Wind and Truth cover

Wind and Truth

The Stormlight Archive • Book 5

4.37 Goodreads
(139.0K ratings)

Why You'll Love This

Five books in, Sanderson finally breaks his characters — and this is where you find out if Roshar survives the consequences.

  • Great if you want: payoff for a decade of careful epic fantasy investment
  • The experience: dense and propulsive — multiple frontlines escalating toward a single collision
  • The writing: Sanderson's structural precision — every planted seed from books 1–4 flowers here
  • Skip if: you haven't read the prior four books — this is not a standalone

About This Book

Five years after Rhythm of War left Roshar on the knife's edge, Wind and Truth delivers the culmination of a decade's worth of storytelling — and the weight of it is felt on every page. Dalinar's desperate gamble against a god has a ten-day countdown, and the entire world of Roshar hangs in the balance across multiple simultaneous fronts. But the real stakes are deeply personal: questions of guilt, redemption, and what it means to choose who you become when everything is collapsing around you. This is a book about people under impossible pressure, and it earns every emotional beat it reaches for.

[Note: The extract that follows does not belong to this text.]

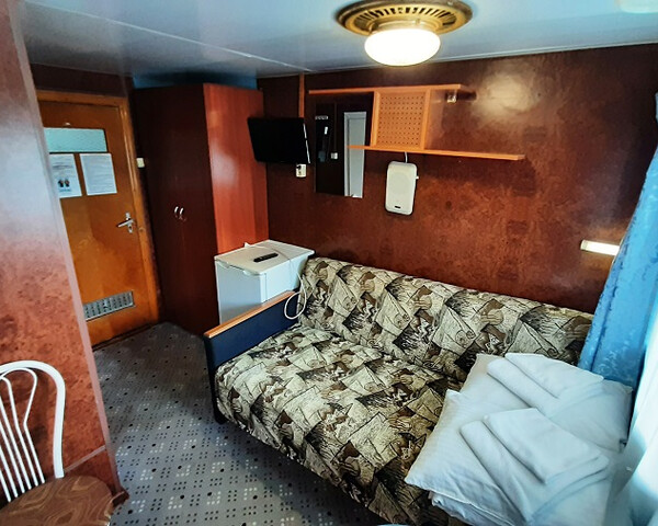 В каютах 207, 210 – раскладной двуспальный диван и односпальный диван.

What makes Wind and Truth distinctive as a reading experience is how Sanderson manages scale without losing intimacy. The novel juggles several converging storylines across a vast world, yet each thread feels purposeful rather than sprawling. His prose remains clean and propulsive — built for momentum — while the structure rewards readers who have followed the series closely, paying off long-seeded ideas with satisfying precision. This is a book that trusts its readers to have been paying attention, and generously rewards them for it.